→ Exercise prompt
Retype, without pictures, the line holding "ボタンのつぼみが、厳しい寒さ" and each line below it through the final line.
** Material provided follows **
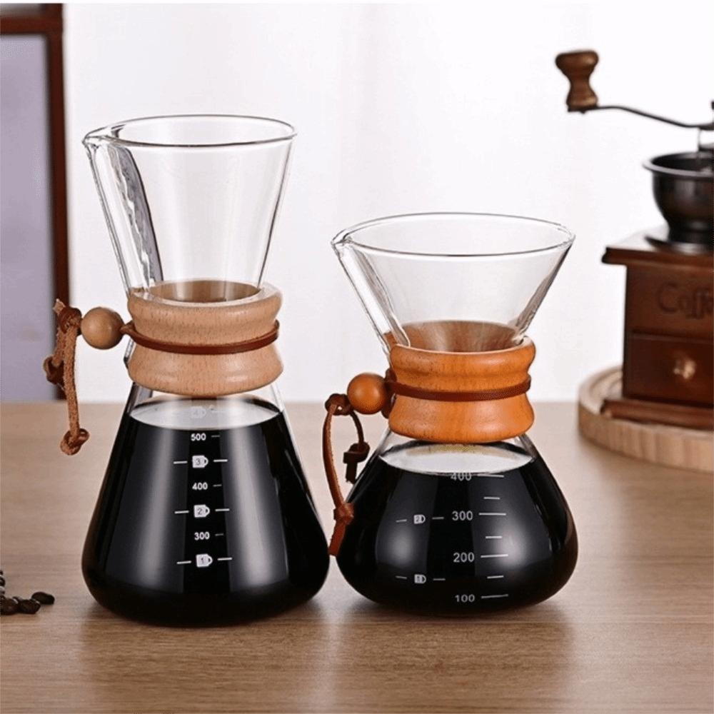 Filter Pot Stainless Steel Coffee Pot Glass with Fliter Tea Kettle Wooden Handle High-Temperature Resistant Coffeeware Home
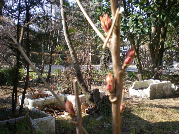 ボタンのつぼみが、厳しい寒さにもかかわらず動き出しています。春を感じさせるには充分ですね。
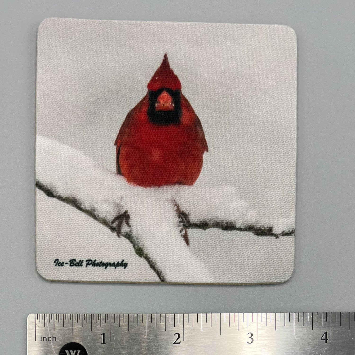 This coaster features a striking Cardinal in Snow, taken from outside Harrison, AR. The rubber base makes it sturdy and non-slip, perfect for resting a drink on. At 3.5" x 3.5" x .125", it's a convenient size for any home.
** End of Material provided **
→ Answer below
 ボタンのつぼみが、厳しい寒さにもかかわらず動き出しています。春を感じさせるには充分ですね。
 This coaster features a striking Cardinal in Snow, taken from outside Harrison, AR. The rubber base makes it sturdy and non-slip, perfect for resting a drink on. At 3.5" x 3.5" x .125", it's a convenient size for any home.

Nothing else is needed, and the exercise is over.